The abovementioned projects also showcase the company’s equal commitment to both documentary and drama projects, instead of being defined by one or the other.
“It's absolutely been a business decision,” Dale says. “It's something that we've consciously sought to do.”
It’s why the team at Blackfella Films expanded to include producer Miranda Dear as Head of Drama in 2010, and writer/director Jacob Hickey as Head of Factual in 2013.
“Certainly factual stories, because of the budget level, because of the financing structures, I think that they create an element of sustainability for the business,” Dale says, “because the budget levels or the finance that you're seeking to attract to those projects just isn't as hard to raise as the drama.”
He says with drama being such an elevated space now, there’s a real pressure to make something that’s distinctive and different.
“Of course that requires higher budgets,” he says. “And if you want to attract bigger actors like Deb Mailman and Rachel Griffiths, if you're aspiring for a [certain] calibre of where you're trying to work and pitch - those budgets require resource. And finding partners for that is I think more challenging.”
Their approach is very different for both formats as well.
For Dale, “drama is all in the preparation.”
He says the work really starts before you get anywhere near a camera, refining those scripts so they’re in the best shape possible.
“Yes every shoot is very hard, but having the clear roadmap of what you're going to achieve when you start the shoot [is essential].”

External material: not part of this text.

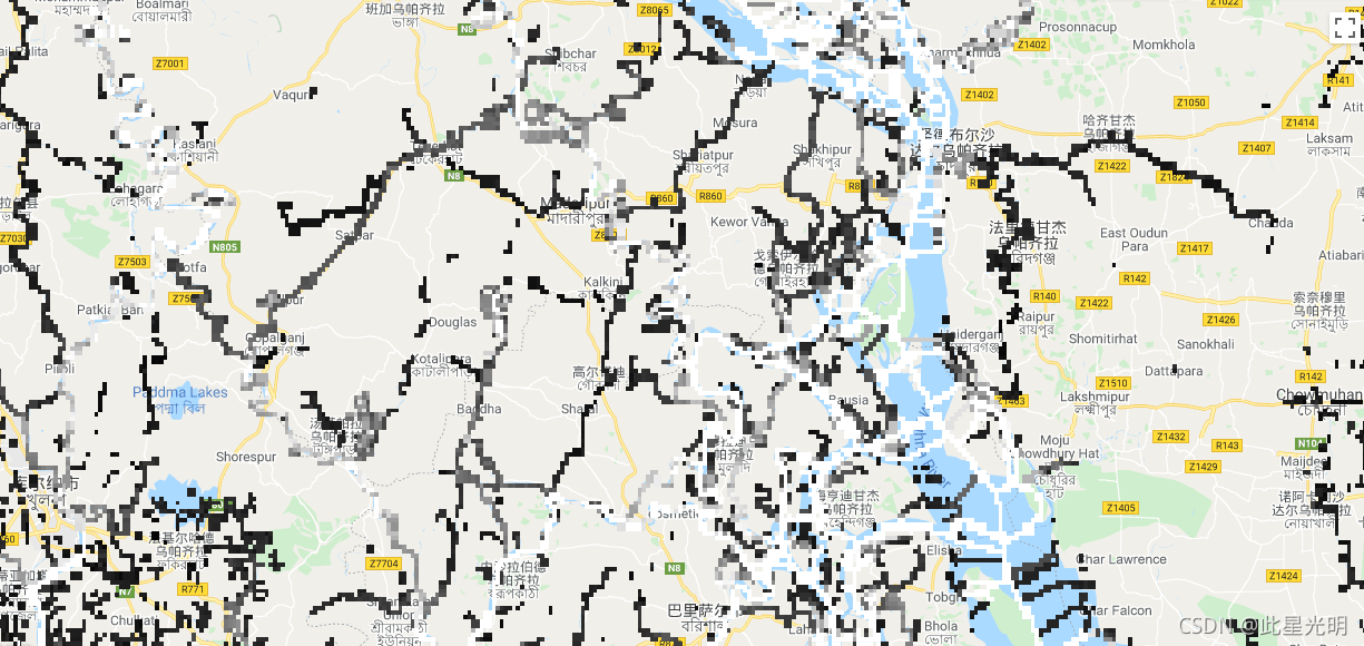 水体地图。DEM陆海掩码和水体数据之间存在一些不一致的地方(如沿海的新岛屿)。OpenStreeetMap水体层的质量在所有地区都不一致。

But with factual there are just so many variables.
He says with the documentaries they’ve made in recent years – “immersive journey” stories such as First Contact, DNA Nation and Filthy Rich and Homeless – there’s definitely still a degree of planning.
“But then of course what makes documentary wonderful is the unexpected and the unexplained and how real people react to situations. That's the electrifying thrill of making that sort of factual work.”
The next challenge is then the edit, taking for example the 600 hours they had with Filthy Rich and Homeless and distilling that into a 3 x 1 hour series.
Dale says it’s that “trawling and editing” that makes documentary a longer journey than a drama series.
“But both really inform each other for me,” he says.
“The things you observe in real life experiences, and being really in touch with what's happening in your country, really informs drama as well, because ultimately it's all about humanity… and the range of emotions that we traverse. I find both equally rewarding.”
And after nearly two decades of working with Perkins and a variety of collaborators across Blackfella Films’ slate, perhaps Dale’s advice to emerging producers is unsurprising.
“Aspire to work with the best people you can,” he says.
“You don't have to have all the answers, but go and ask someone that you really respect or admire because they just might say yes to working with you.
“Our business is an ideas business, but the collaborators that you choose to work with are some of the most important decisions that you'll make.”
Total Control airs on the ABC and iview from Sunday 13 October.